1Biomedical Engineering, Amirkabir University of Technology (Tehran Polytechnic), Tehran, Iran

Synopsis

Left ventricle function can be evaluated by measuring circumferential strain. CIRcumferential COMpression Encoding (CIRCOME), as a technique for quantification of circumferential strain, needs local frequency and displacement maps during deformation. This study aims to use sine wave modeling approach for estimation of local spatial frequency and displacement maps used in CIRCOME for radially tagged series of images. Circumferential strain computed from proposed method shows expected results in agreement with previous studies.

Introduction

Left ventricle (LV) circumferential strain is a key index of myocardial deformation in assessment of cardiac function. The development of radial tagging1 facilitates the measurement of LV rotation and circumferential strain. CIRcumferential COMpression Encoding, CIRCOME, is an innovative method in cardiac MRI for evaluation of this strain which requires local spatial frequency of each point before and after deformation.2 Furthermore, the Sine wave Modeling (SinMod) is a novel technique that simultaneously derives local spatial frequency and displacement field from tagged images. 3 In this study, the use of SinMod is proposed in combination with CIRCOME to reduce its computational cost.

Materials and Methods

The previously developed CIRCOME uses the spatial frequency of each point that estimated by sequential band pass filtering of k-space data. This procedure is a time-consuming step of CIRCOME. Moreover, in order to compute local strain map, it needs a tracking process.
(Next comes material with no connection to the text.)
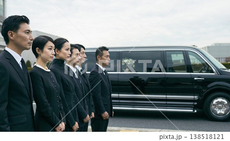 葬儀の送り出し:喪服姿で整列する遺族と黒のリムジン

In the SinMod, tagged image intensity in the vicinity of each pixel is modeled as a moving sine wave with local frequency, amplitude and phase. Based on this modeling local spatial frequency and displacement field for series of images can be estimated. This spatial frequency is used as the frequency required for CIRCOME, while the estimated displacement helps to find the corresponding points before and after deformation. Therefore, the two inputs for CIRCOME are obtained in one step.

Short-axis breath-hold radial tagging images were acquired on Mid-ventricle for 8 healthy volunteers. Number of radial taglines was set to 11 taglines per half circle. The epicardium and endocardium contours were delineated manually and the myocardial region was converted to polar coordinate. Afterward, SinMod was implemented to obtain local spatial frequency and circumferential displacement field (Figure 1). The thickness change in consecutive myocardium masks was used to track the local radial displacement. The circumferential strain for each point was then computed by the relative changes of its spatial frequency during deformation. Finally, the resulting strain maps were transformed into the Cartesian coordinates for visualization.

Results and Discussion

Figure 2; shows the color coded Lagrangian circumferential strain map superimposed on the radially tagged images of one volunteer for three different cardiac phases. The increased dark blue coloration in the images demonstrates the circumferential shortening during cardiac deformation. Figure 3(a); displays the plot of average global circumferential strain measured in 8 healthy subjects. Negative values of strain indicate circumferential shortening of the myocardial fibers during systole. As can be seen, the average circumferential strain peak occurs at %33 of cardiac cycle. Peak values of circumferential strain for healthy subjects are depicted in the box-plot of Figure 3 (b). This plot illustrates that the range of peak values is in the physiological range reported in previous studies.4,5

Conclusion

In this study, a novel approach for LV circumferential strain quantification from radially tagged images is presented. This method is based on the basic idea of CIRCOME and utilizes SinMod to prepare local frequency and displacement maps for strain encoding. The patterns of estimated circumferential strains obtained with this method concur with previous studies. This approach has the potential to be widely used in practice due to its simplicity and performance. Furthermore, the combination of this method with a recently developed Polar Fourier Transform (PFT),6 for reconstruction of radially acquired radial tagged images can provide more acceleration in which the entire processes of strain imaging takes place in polar coordinate.

Acknowledgements

Images were obtained at UCLA Diagnostic Cardiovascular Imaging (DCVI) section.

References

1. Nasiraei-Moghaddam A, Finn JP. Tagging of cardiac magnetic resonance images in the polar coordinate system: Physical principles and practical implementation. Magnetic resonance in medicine. 2014 May 1;71(5):1750-9.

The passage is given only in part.